In these slope experiments, perception (or memory) of slope was affected by passive support requirements, not action, and no interaction with the hill was involved. Our action-oriented results simply go one step further, to show that the information provided by either active or passive interaction with a goal, and not the interaction itself, is sufficient to bias memory. The information in our experiments was not provided by perception or action, showing that bias in memory preceding an anticipated action can stem from any of a number of influences that bias the interpretation of a sensory situation. This does not diminish the importance of previous studies of the effects of action on perception; it only reinterprets them by showing that, in light of our results, the effects of action and of prior information on memory are equally important.

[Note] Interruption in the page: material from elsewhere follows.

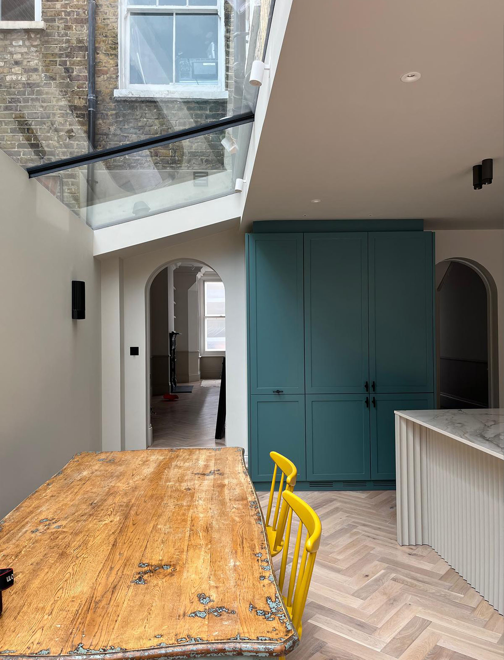 An arched doorway softens the architectural lines, adding a subtle sense of flow and transition. The result is a kitchen that feels both expressive and refined — a considered balance of symmetry, materiality and bold, design-led character.

It remains unclear how much our results can generalize to other action-oriented situations, such as sinking a golf putt or hitting a baseball, but the similarity of the results in those situations to ours suggests that in the absence of further direct tests, the more consistent conclusion would be that action provides information that in turn biases memory for the physical properties of a goal. Our task intentionally included similarities to the tasks in experiments on baseball, golf, football, and so forth: It required a ballistic action toward a visible target.

Other studies have been aimed more explicitly at the effect of action, or potential action, on memory. Archers remember their target to be larger if they are more accurate, even if the target and the arrow’s trajectory are obscured (Lee, Lee, Carello, & Turvey, 2012). Here the information provided by the archer’s own motor activity is what signals a “good shot,” and subsequently leads to both greater accuracy and a larger remembered goal.

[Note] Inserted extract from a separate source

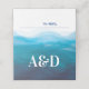 Moderno. Elegante. Esta suite estacionaria utiliza líneas depuradas, tipos de letra clásicos y una pintura acuarela de olas azules para crear un elegante estilo para su día especial. Es totalmente personalizable.

Our results also show the potentially large effects of intentionally distorted information on memory of previously viewed target properties, even when the memory lasts only a few seconds. Action may be necessary to affect memory or perception in other tasks, however. Specifically, there may be a difference between the coding of exocentric variables, such as goal size, and egocentric variables, such as the distance to a target.

In summary, earlier experiments had changed “action affects perception” to “action affects memory.” The present experiments modify the first part of the current idea by removing the necessity of action from the equation, resulting in “information affects memory.” This final version is less dramatic, but more reflective of what happens in the real world.